Understanding AI crawlers and embeddings explains how AI systems can access your content. This lesson focuses on how you interact with those crawlers—not how you control AI answers.
Not all AI crawlers are the same. Some collect data to train models. Others build search indexes. Some only activate when users request live information. Understanding who's crawling your site—and why—is essential for making informed decisions about access.

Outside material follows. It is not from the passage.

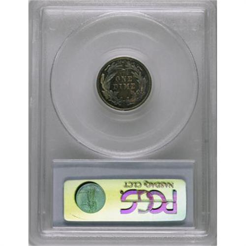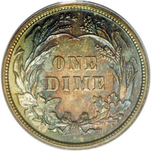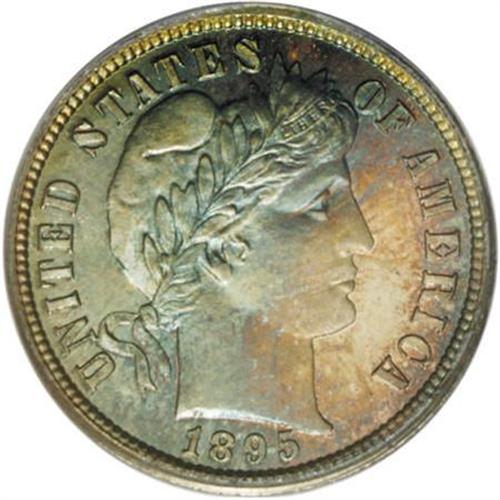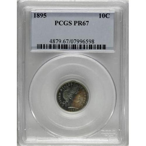 <B>1895 10C PR67 PCGS.</B></I> A boldly struck and wonderfully well-preserved specimen from an issue of just 880 pieces. Each side displays areas of thin blue-green patina and zones of thicker peach-tan toning. While other pieces may have identical numerical grades, it is difficult to imagine an example with better visual appeal. Population: 15 in 67, 0 finer (7/07).<BR><BR><B>Coin Engraver:</B> Charles E. Barber<BR><BR><b>Shipping:</b> Coins & Currency (<a target="_blank" href="http://www.heritageauctions.com/common/shipping.php">view shipping information</a>\)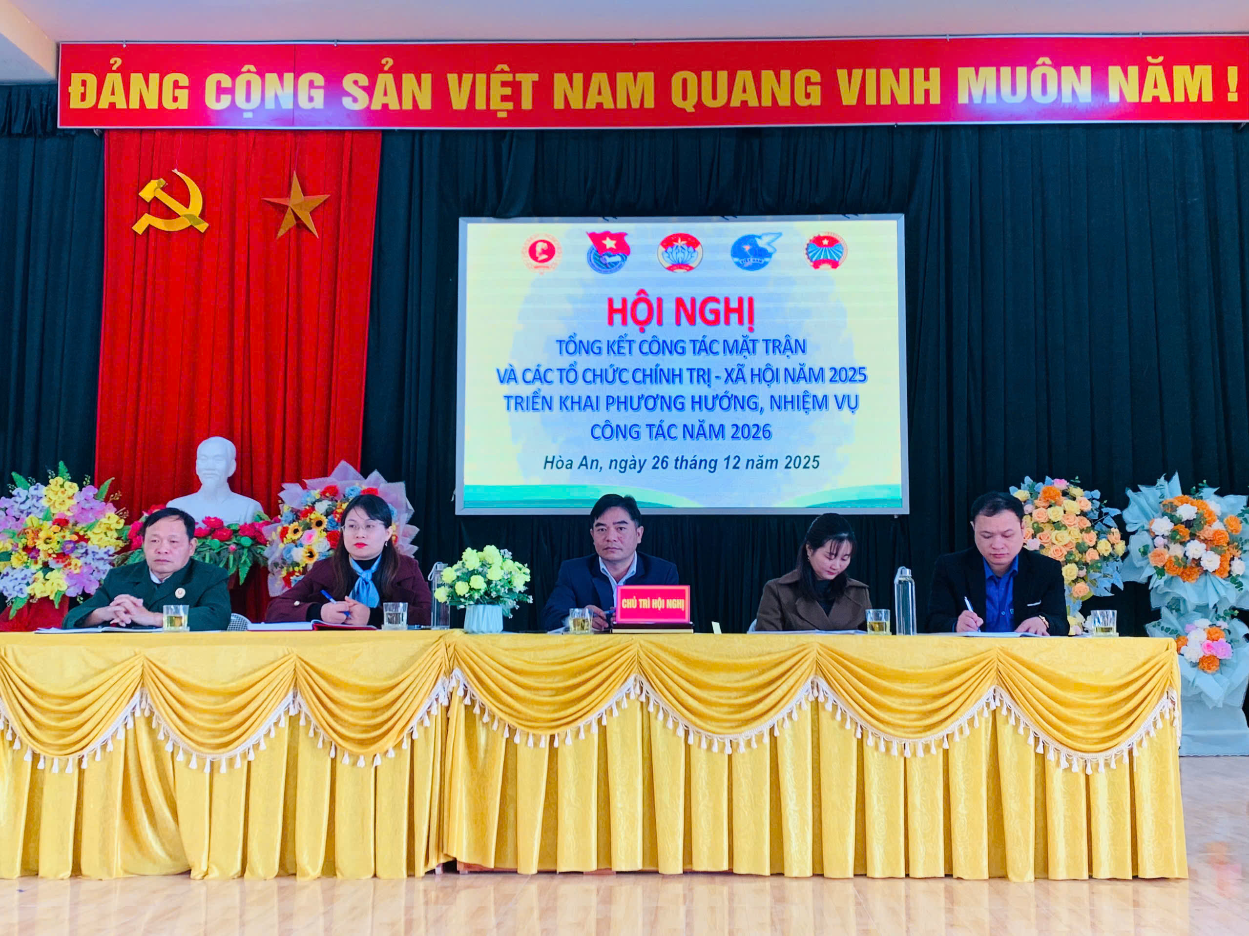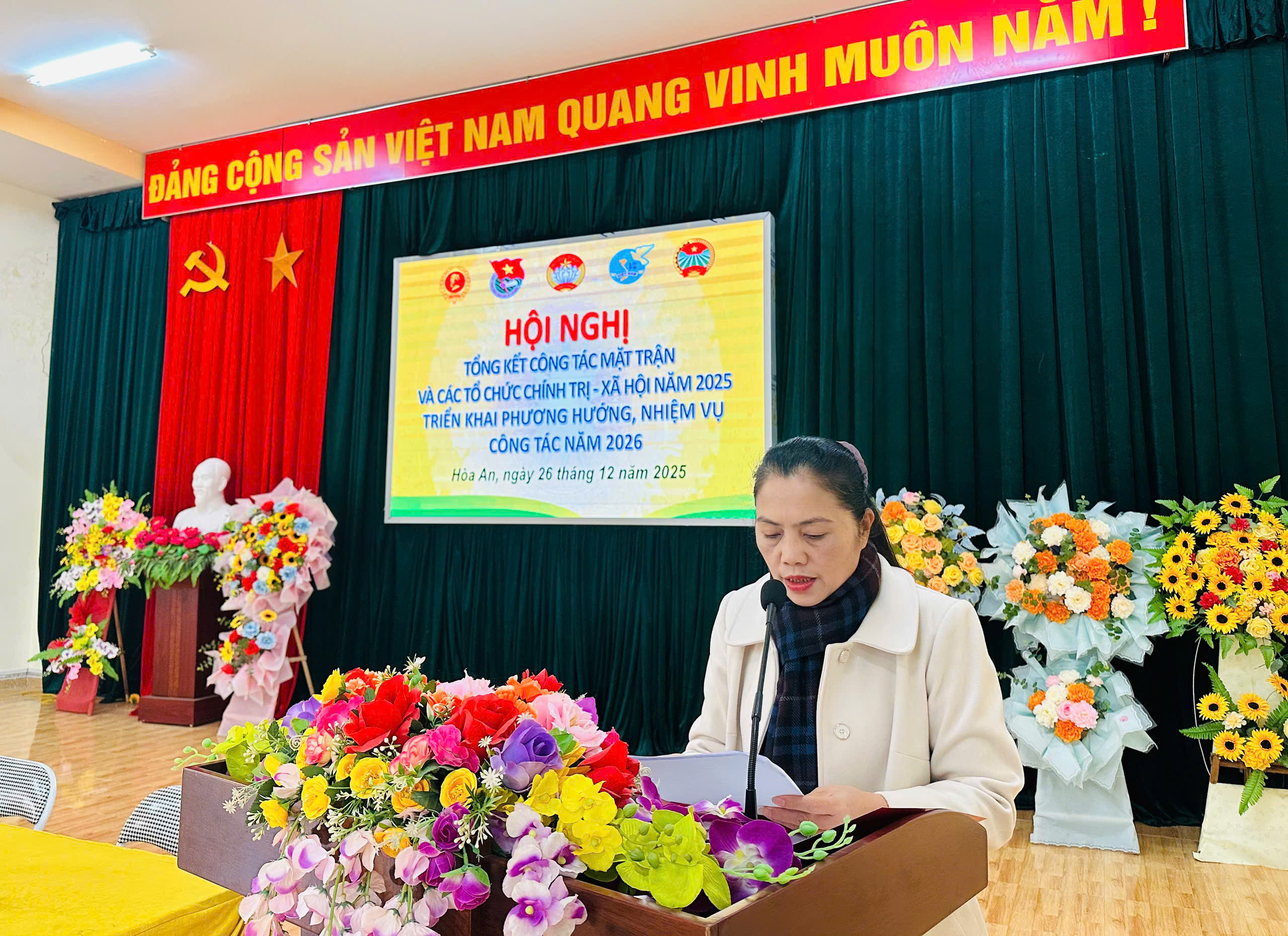 Đến dự và phát biểu tại hội nghị, đồng chí Trần Văn Tuyên, Bí thư Đảng ủy xã biểu dương kết quả MTTQ, các tổ chức chính trị-xã hội xã đạt được trong năm 2025 sau sát nhập và thực hiện mô hình chính quyền địa phương 2 cấp. Đồng thời chỉ rõ những hạn chế cần khắc phục. Đồng chí đề nghị trong năm 2026, MTTQ và các tổ chức chính trị - xã hội xã tiếp tục đổi mới nội dung, phương thức hoạt động, hướng mạnh về cơ sở, tăng cường nắm bắt tâm tư, nguyện vọng chính đáng của Nhân dân. Cùng với đó, phát huy vai trò giám sát, phản biện xã hội; góp phần xây dựng hệ thống chính trị vững mạnh, thúc đẩy phát triển kinh tế – xã hội, giữ vững quốc phòng – an ninh tại địa phương. Ủy MTTQ các tổ chức chính trị -xã hội xã cần chủ động hơn nữa trong đề xuất với Đảng ủy trong thực hiện những phần việc, hoạt động cụ thể; mỗi tổ chức cần có một nội dung công việc cụ thể thiết thực trong hoạt động của tổ chức Hội; trong năm 2026, MTTQ, các tổ chức chính trị-xã hội cần làm tốt công tác ttuyen truyền về cuộc bầu cử đại biểu Quốc hội và HĐND các cấp nhiệm kỳ 2026-2031; Tiếp tục tuyên truyền vận động đoàn viên, hội viên đẩy mạnh phát triển kinh tế; hướng dẫn hội viên duy trì hiệu quả và nâng cao chất lượng các sản phẩm được công nhân ocop.

An AI crawler directory is about awareness, not control. Knowing which crawlers exist helps you decide who gets access to your content. It doesn't give you control over what appears in AI-generated answers.
🧠 Mental Model: Understanding what you can and can't control:
• Crawlers = Access (who can read your content)
• Embeddings = Memory (how AI stores meaning)
• Retrieval = Usage (what appears in answers)
robots.txt controls access only. It doesn't control memory or usage.
What Are the Three Types of AI Crawlers?
| Type | Purpose | When Active | Respects robots.txt |
|---|---|---|---|
| Training | Collect data to train AI models | Continuously crawling | ✅ Yes |
| Indexing | Build search indexes for AI search | Continuously crawling | ✅ Yes |
| On-Demand | Fetch content for user requests | Only when user asks | ⚠️ May bypass |
Different crawlers = different strategies. You might block training bots (to prevent your content from training competitors' AI) while allowing on-demand fetchers (so AI can cite you when answering questions). This isn't all-or-nothing.
Which AI Crawlers Exist and Who Operates Them?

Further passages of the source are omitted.